Postby Kitcameron » 25 Jun 2016, 23:18

Please CM, I'm begging you, GTFTS in your own bed without all the shouting and screaming.

Please help me ladies, I have no idea what to do. My good little sleeper has started among in the night since getting chicken pox and now the only time she'll settle to sleep in her bed is bedtime. Great! I hear you say. What's the problem? The problem is when she wakes she then won't go back to sleep unles it's in my arms, and if she does fall asleep in my arms I can't transfer her to bed without waking her and her starting screaming again. Got up to her at 4am this (yesterday) morning and could t get her back to sleep so eventually got up at 5am. Tonight she woke at 10.30!!!!!! And I can't get her back to sleep. DH is fuming listening to her cry and wants to take her out in the car so she goes to sleep but I doubt he'll be able to get her back into bed so he's planning on just sleeping in the car with her, but that's not sustainable long term.
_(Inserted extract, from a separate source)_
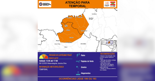 Segundo a Defesa Civil, o cenário indica risco elevado para alagamentos em áreas urbanas, quedas de galhos e árvores, destelhamentos e danos estruturais causados pelas rajadas de vento e pela eventual queda de granizo.

I've tried coming through and just cuddling but she just screams for Mummy milk. Ive tried feeding her but as soon as I stop and try and put her to bed she screams for more. Ive tried leaving her just to yell until she falls asleep but next door are banging on the wall at her. I just don't know what to do. She's woken SM up whose really poorly with the pox Atm. For lack of a better plan I've agreed with DH that I she's not asleep withi. The next 45 mins he can take her out but I doubt I'll sleep very well for worrying about hi. Driving whilst angry and he certainly won't so we'll have a crap day tomorrow with a knock on effect for the rest of the week.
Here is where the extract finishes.